Saved entries →
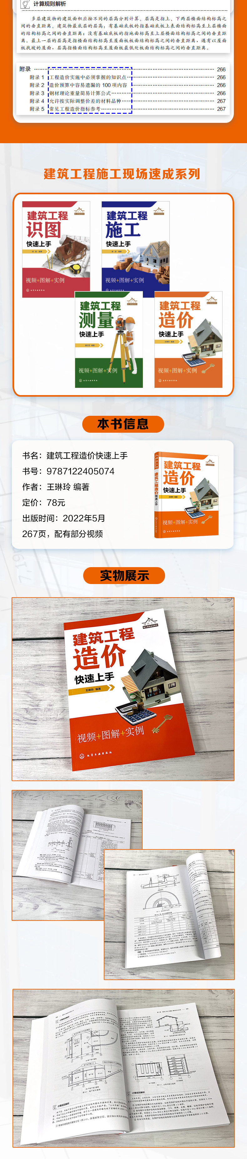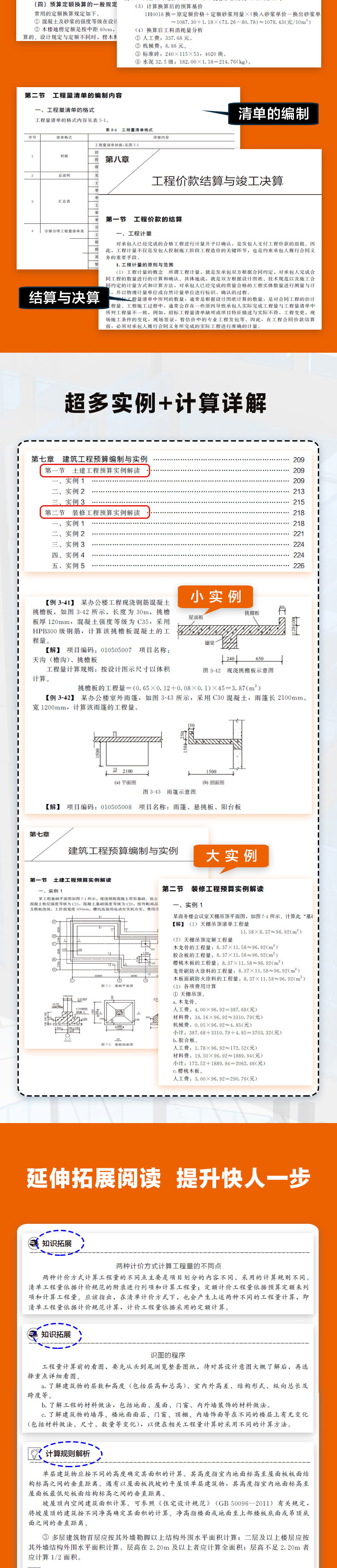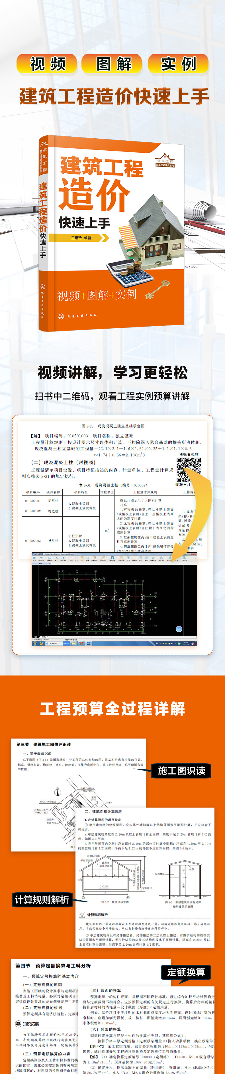 第一章 建筑工程造价基础知识 001 第一节 建筑工程造价简述 001 一、工程造价基本分类 001 二、工程造价的构成 001 第二节 工程造价常见名词释义 012 第三节 建筑工程定额计价 012 一、建筑工程定额初识 012 二、建筑工程预算定额手册的基本应用 015 第四节 建筑工程工程量清单计价 016 一、工程量清单初识 016 二、工程量清单计价 017 第五节 工程量清单计价与预算定额计价的联系和区别 018 一、工程量清单计价与预算定额计价的联系 018 二、工程量清单计价与预算定额计价的区别 020 第二章 快速识读施工图 023 第一节 施工图预算 023 第二节 施工图的组成 023 一、初识建筑施工图 023 二、建筑施工图基本要素 025 三、施工图识读流程 026 第三节 建筑施工图快速识读 027 一、总平面图识读 027 二、建筑平面图识读 029 三、建筑立面图识读 031 四、建筑剖面图识读 032 五、建筑详图识读 034 第四节 结构施工图快速识读 035 一、初识结构施工图 035 二、基础图识读 041 三、结构平面图识读 042 四、结构详图识读 044 第五节 建筑水暖电施工图快速识读 045 第三章 建筑工程工程量计算规则与实例 046 第一节 建筑工程工程量计算基础知识 046 一、工程量的含义 046 二、工程量计算的依据、原则和顺序 046 三、工程量计算的方法 047 四、分部分项工程项目划分 048 第二节 建筑面积的计算 051 一、建筑面积的含义 051 二、建筑面积计算规则 052 三、建筑面积计算实例 059 第三节 土石方工程工程量的计算 062 一、土石方工程计算规则(附视频) 062 二、土石方计算规则详解(附视频) 066 第四节 地基处理与边坡支护工程工程量的计算 073 第五节 桩基工程工程量的计算 078 一、桩基工程工程量计算规则 078 二、桩基工程工程量计算规则详解(附视频) 082 第六节 砌筑工程工程量的计算 085 一、砌筑工程工程量计算规则(附视频) 085 二、砌筑工程计算规则详解 093 第七节 混凝土及钢筋混凝土工程工程量的计算 097 一、混凝土及钢筋混凝土工程量计算规则 097 二、混凝土及钢筋混凝土工程量计算规则详解 117 第八节 金属结构工程工程量的计算 123 一、钢架工程的计算规则 123 二、钢柱、梁、板工程的计算规则 125 三、钢构件及金属制品工程的计算规则 129 第九节 屋面防水工程工程量的计算 132 一、瓦、型材及其他屋面工程的计算规则 132 二、屋面防水及其他工程的计算规则(附视频) 133 三、墙面防水、防潮工程的计算规则 135 四、楼(地) 面防水、防潮工程的计算规则 136 第十节 装饰装修工程工程量的计算 137 一、楼地面装饰工程的计算规则(附视频) 137 二、墙、柱面装饰与隔断、幕墙工程的计算规则(附视频) 143 三、天棚工程的计算规则 151 第十一节 措施项目工程量的计算 154 一、措施项目工程量计算规则 154 二、措施项目工程量计算规则详解 159 第十二节 工程量速算方法 161 第十三节 工程量复核方法 161 第四章 预算定额的应用 162 第一节 建筑工程基础定额 162 一、建筑工程基础定额手册的组成内容 162 二、基础定额的应用特点 163 第二节 预算定额 164 一、预算定额的概念 164 二、预算定额的作用 164 三、预算定额的内容及使用 165 第三节 概算定额 166 一、概算定额的概念 166 二、概算定额的作用 167 三、概算定额的内容 167 四、概算定额手册的组成和应用 168 第四节 预算定额换算与工料分析 169 一、预算定额换算的基本内容 169 二、预算定额换算方法与工料分析 169 第五节 材料价差调整 174 第五章 工程量清单计价 176 第一节 工程量清单的概念及应用 176 一、工程量清单的概念 176 二、工程量清单的应用 176 第二节 工程量清单的编制内容 177 一、工程量清单的格式 177 二、工程量清单的编制 191 第三节 工程量清单计价规范的主要内容 193 第四节 工程量清单计价的费用构成与计算 195 一、工程量清单计价的费用构成 195 二、工程量清单计价的费用计算 195 第六章 建筑工程招投标 201 第一节 建筑工程项目招标概述 201 一、招投标的概念 201 二、工程招标投标程序 201 三、招标投标的基本原则 202 四、招标投标的基本方式 202 第二节 工程造价在招投标中的重要地位 203 一、工程造价在招投标中的作用 203 二、招投标阶段的工程造价控制 204 第三节 建筑工程投标策略 205 一、工程量清单报价前期准备 205 二、工程量清单报价常用策略 206 第七章 建筑工程预算编制与实例 209 第一节 土建工程预算实例解读 209 一、实例1 209 二、实例2 213 三、实例3 215 第二节 装修工程预算实例解读 218 一、实例1 218 二、实例2 221 三、实例3 224 四、实例4 224 五、实例5 226 第八章 工程价款结算与竣工决算 230 第一节 工程价款的结算 230 一、工程计量 230 二、预付款及期中支付 231 三、竣工结算 233 四、最终结清 236 第二节 工程竣工决算 237 一、建设项目竣工决算的概念及作用 237 二、竣工决算的内容和编制 238 第三节 建筑工程竣工结算审核 248 第九章 影响工程造价的因素 249 第一节 工程质量与造价 249 第二节 工程工期与造价 250 第三节 工程索赔与造价 252 第四节 营改增对工程造价的影响 253 第十章 工程签证 254 第一节 工程签证的分类 254 一、工程签证的概念 254 二、工程签证的一般分类 254 第二节 各种形式变更、签证、索赔之间的关系 257 一、相互关系 257 二、洽商 258 三、技术核定单 2
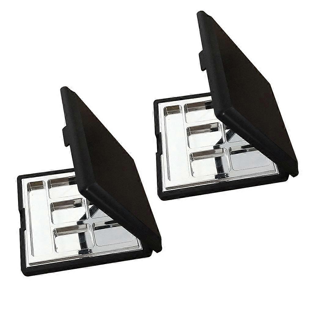 Description: Exquisite fashion large mirror can enable you to easily freshen up make-up Makeup palette for holding eye shadow, press powder, blush, lip gloss, etc. Keep your eyeshadow well displayed and guarantees its durability. and waterproof. Travel size, easy for carrying. Material: ABS + Aluminum Color: Black Quantity: 2Pcs/pack Size: 7.5 x 7.5 x 1cm/2.95 x 2.95 x 0.39 inch Package Includes: 2 Pieces Empty Eyeshadow Palette
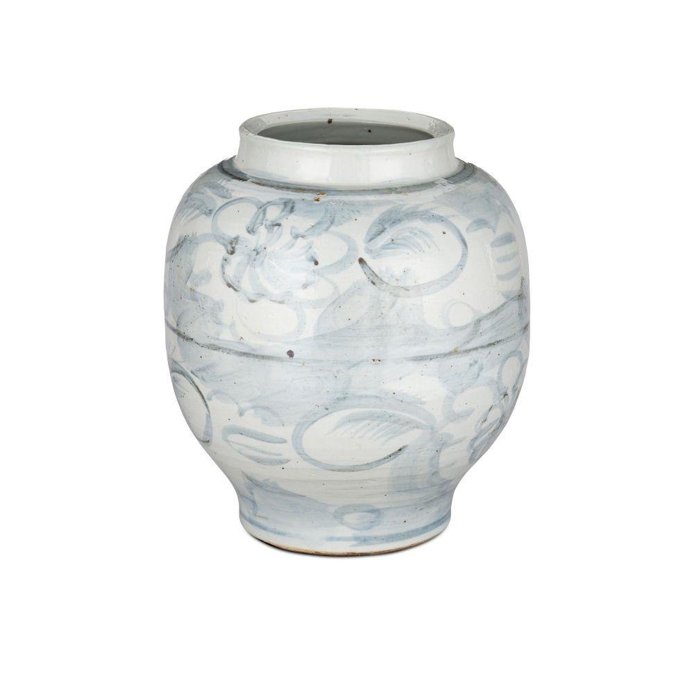 Modern interpretations of the tradition of Chinoiserie that dates back to the great dynasties in Asia, the Ming-Style Countryside Large Preserve Pot is made of porcelain. The design tells its "story" in pale blue motifs on an off-white ground. Because these are artisanal pieces handmade by families with generations of expertise, the color and pattern may vary slightly.
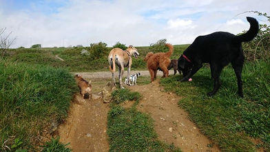 At Hotdogs Dog Walking my aim is to help keep your dog healthy, agile and active while socialising with other dogs in my care. Allowing time to sniff, chew sticks and explore as well as strokes and bonding time with me.
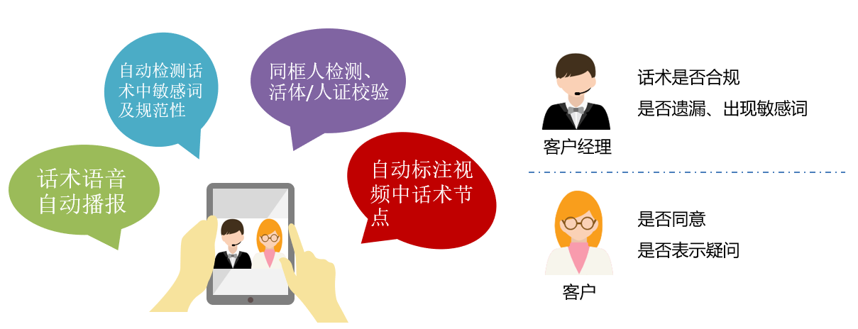 OCR识别技术通过扫描仪、手机摄像头等图像输入设备,可以快速采集目标物体上的文字信息。该技术不依赖于网络,支持PC端、服务器端(Windows、Linux)与移动端(IOS、Android)各种系统平台使用,方便快捷。3、智能双录 保证关键环节可追溯
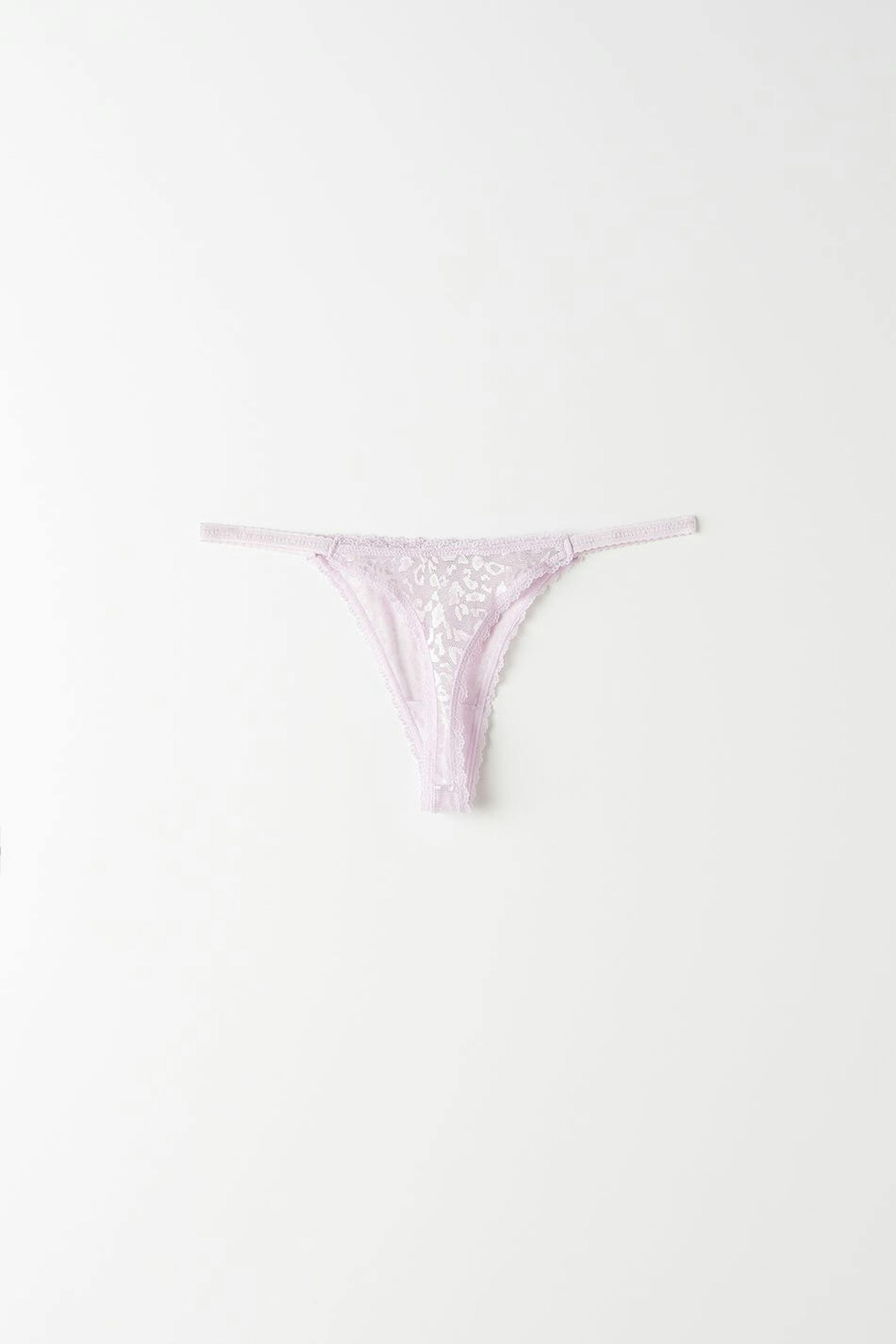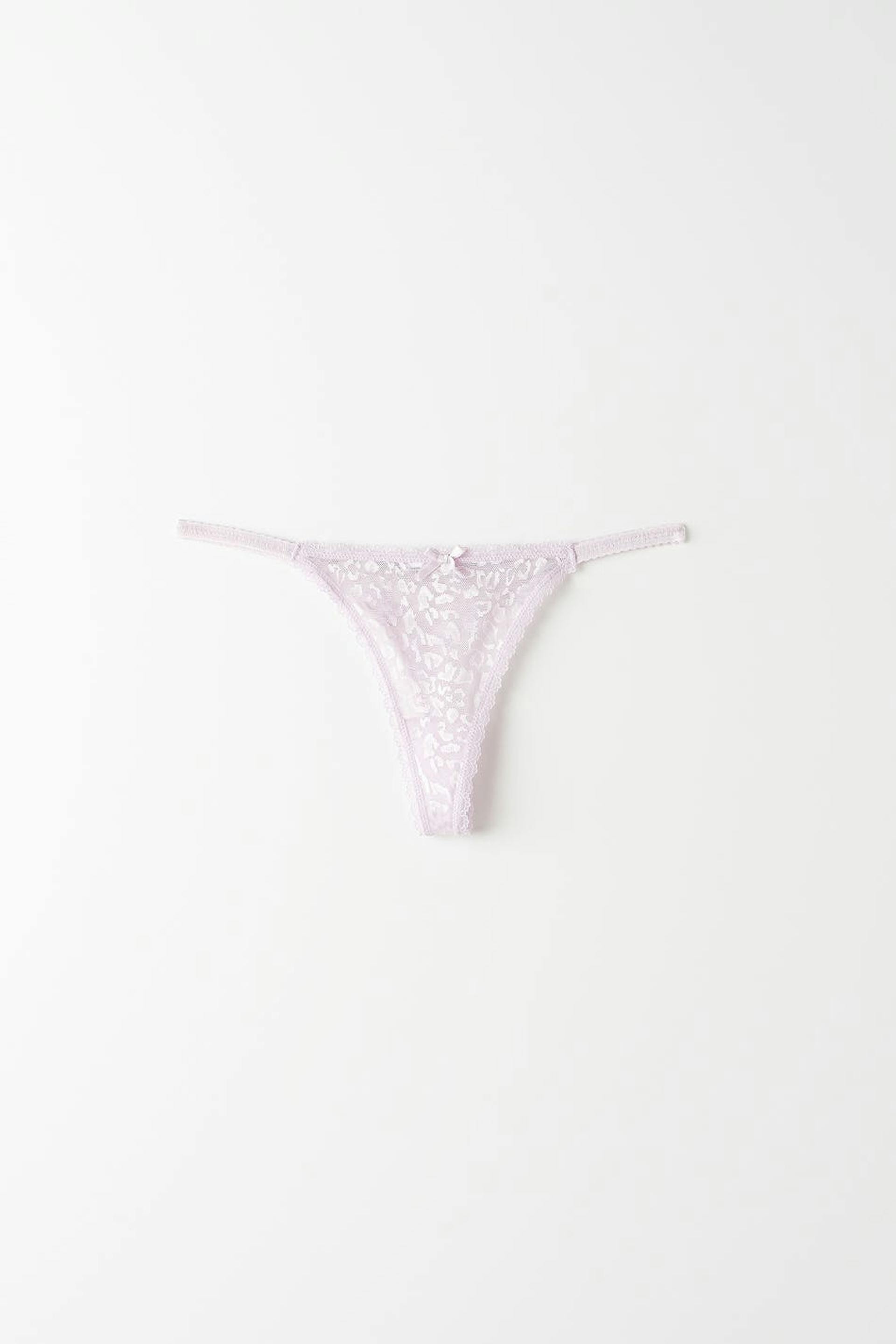 Gemusterte Stringtangas mit Spitzenborten. Die Stringtangas sind rosa und haben ein Schrittfutter. Sie haben einen Bogen vorne und schmale elastische Gurte in den Seiten.

ACTIVITY →
Restate, word for word, the entries above, dropping any picture.

EXERCISE ANSWER →
 第一章 建筑工程造价基础知识 001 第一节 建筑工程造价简述 001 一、工程造价基本分类 001 二、工程造价的构成 001 第二节 工程造价常见名词释义 012 第三节 建筑工程定额计价 012 一、建筑工程定额初识 012 二、建筑工程预算定额手册的基本应用 015 第四节 建筑工程工程量清单计价 016 一、工程量清单初识 016 二、工程量清单计价 017 第五节 工程量清单计价与预算定额计价的联系和区别 018 一、工程量清单计价与预算定额计价的联系 018 二、工程量清单计价与预算定额计价的区别 020 第二章 快速识读施工图 023 第一节 施工图预算 023 第二节 施工图的组成 023 一、初识建筑施工图 023 二、建筑施工图基本要素 025 三、施工图识读流程 026 第三节 建筑施工图快速识读 027 一、总平面图识读 027 二、建筑平面图识读 029 三、建筑立面图识读 031 四、建筑剖面图识读 032 五、建筑详图识读 034 第四节 结构施工图快速识读 035 一、初识结构施工图 035 二、基础图识读 041 三、结构平面图识读 042 四、结构详图识读 044 第五节 建筑水暖电施工图快速识读 045 第三章 建筑工程工程量计算规则与实例 046 第一节 建筑工程工程量计算基础知识 046 一、工程量的含义 046 二、工程量计算的依据、原则和顺序 046 三、工程量计算的方法 047 四、分部分项工程项目划分 048 第二节 建筑面积的计算 051 一、建筑面积的含义 051 二、建筑面积计算规则 052 三、建筑面积计算实例 059 第三节 土石方工程工程量的计算 062 一、土石方工程计算规则(附视频) 062 二、土石方计算规则详解(附视频) 066 第四节 地基处理与边坡支护工程工程量的计算 073 第五节 桩基工程工程量的计算 078 一、桩基工程工程量计算规则 078 二、桩基工程工程量计算规则详解(附视频) 082 第六节 砌筑工程工程量的计算 085 一、砌筑工程工程量计算规则(附视频) 085 二、砌筑工程计算规则详解 093 第七节 混凝土及钢筋混凝土工程工程量的计算 097 一、混凝土及钢筋混凝土工程量计算规则 097 二、混凝土及钢筋混凝土工程量计算规则详解 117 第八节 金属结构工程工程量的计算 123 一、钢架工程的计算规则 123 二、钢柱、梁、板工程的计算规则 125 三、钢构件及金属制品工程的计算规则 129 第九节 屋面防水工程工程量的计算 132 一、瓦、型材及其他屋面工程的计算规则 132 二、屋面防水及其他工程的计算规则(附视频) 133 三、墙面防水、防潮工程的计算规则 135 四、楼(地) 面防水、防潮工程的计算规则 136 第十节 装饰装修工程工程量的计算 137 一、楼地面装饰工程的计算规则(附视频) 137 二、墙、柱面装饰与隔断、幕墙工程的计算规则(附视频) 143 三、天棚工程的计算规则 151 第十一节 措施项目工程量的计算 154 一、措施项目工程量计算规则 154 二、措施项目工程量计算规则详解 159 第十二节 工程量速算方法 161 第十三节 工程量复核方法 161 第四章 预算定额的应用 162 第一节 建筑工程基础定额 162 一、建筑工程基础定额手册的组成内容 162 二、基础定额的应用特点 163 第二节 预算定额 164 一、预算定额的概念 164 二、预算定额的作用 164 三、预算定额的内容及使用 165 第三节 概算定额 166 一、概算定额的概念 166 二、概算定额的作用 167 三、概算定额的内容 167 四、概算定额手册的组成和应用 168 第四节 预算定额换算与工料分析 169 一、预算定额换算的基本内容 169 二、预算定额换算方法与工料分析 169 第五节 材料价差调整 174 第五章 工程量清单计价 176 第一节 工程量清单的概念及应用 176 一、工程量清单的概念 176 二、工程量清单的应用 176 第二节 工程量清单的编制内容 177 一、工程量清单的格式 177 二、工程量清单的编制 191 第三节 工程量清单计价规范的主要内容 193 第四节 工程量清单计价的费用构成与计算 195 一、工程量清单计价的费用构成 195 二、工程量清单计价的费用计算 195 第六章 建筑工程招投标 201 第一节 建筑工程项目招标概述 201 一、招投标的概念 201 二、工程招标投标程序 201 三、招标投标的基本原则 202 四、招标投标的基本方式 202 第二节 工程造价在招投标中的重要地位 203 一、工程造价在招投标中的作用 203 二、招投标阶段的工程造价控制 204 第三节 建筑工程投标策略 205 一、工程量清单报价前期准备 205 二、工程量清单报价常用策略 206 第七章 建筑工程预算编制与实例 209 第一节 土建工程预算实例解读 209 一、实例1 209 二、实例2 213 三、实例3 215 第二节 装修工程预算实例解读 218 一、实例1 218 二、实例2 221 三、实例3 224 四、实例4 224 五、实例5 226 第八章 工程价款结算与竣工决算 230 第一节 工程价款的结算 230 一、工程计量 230 二、预付款及期中支付 231 三、竣工结算 233 四、最终结清 236 第二节 工程竣工决算 237 一、建设项目竣工决算的概念及作用 237 二、竣工决算的内容和编制 238 第三节 建筑工程竣工结算审核 248 第九章 影响工程造价的因素 249 第一节 工程质量与造价 249 第二节 工程工期与造价 250 第三节 工程索赔与造价 252 第四节 营改增对工程造价的影响 253 第十章 工程签证 254 第一节 工程签证的分类 254 一、工程签证的概念 254 二、工程签证的一般分类 254 第二节 各种形式变更、签证、索赔之间的关系 257 一、相互关系 257 二、洽商 258 三、技术核定单 2
 Description: Exquisite fashion large mirror can enable you to easily freshen up make-up Makeup palette for holding eye shadow, press powder, blush, lip gloss, etc. Keep your eyeshadow well displayed and guarantees its durability. and waterproof. Travel size, easy for carrying. Material: ABS + Aluminum Color: Black Quantity: 2Pcs/pack Size: 7.5 x 7.5 x 1cm/2.95 x 2.95 x 0.39 inch Package Includes: 2 Pieces Empty Eyeshadow Palette
 Modern interpretations of the tradition of Chinoiserie that dates back to the great dynasties in Asia, the Ming-Style Countryside Large Preserve Pot is made of porcelain. The design tells its "story" in pale blue motifs on an off-white ground. Because these are artisanal pieces handmade by families with generations of expertise, the color and pattern may vary slightly.
 At Hotdogs Dog Walking my aim is to help keep your dog healthy, agile and active while socialising with other dogs in my care. Allowing time to sniff, chew sticks and explore as well as strokes and bonding time with me.
 OCR识别技术通过扫描仪、手机摄像头等图像输入设备,可以快速采集目标物体上的文字信息。该技术不依赖于网络,支持PC端、服务器端(Windows、Linux)与移动端(IOS、Android)各种系统平台使用,方便快捷。3、智能双录 保证关键环节可追溯
 Gemusterte Stringtangas mit Spitzenborten. Die Stringtangas sind rosa und haben ein Schrittfutter. Sie haben einen Bogen vorne und schmale elastische Gurte in den Seiten.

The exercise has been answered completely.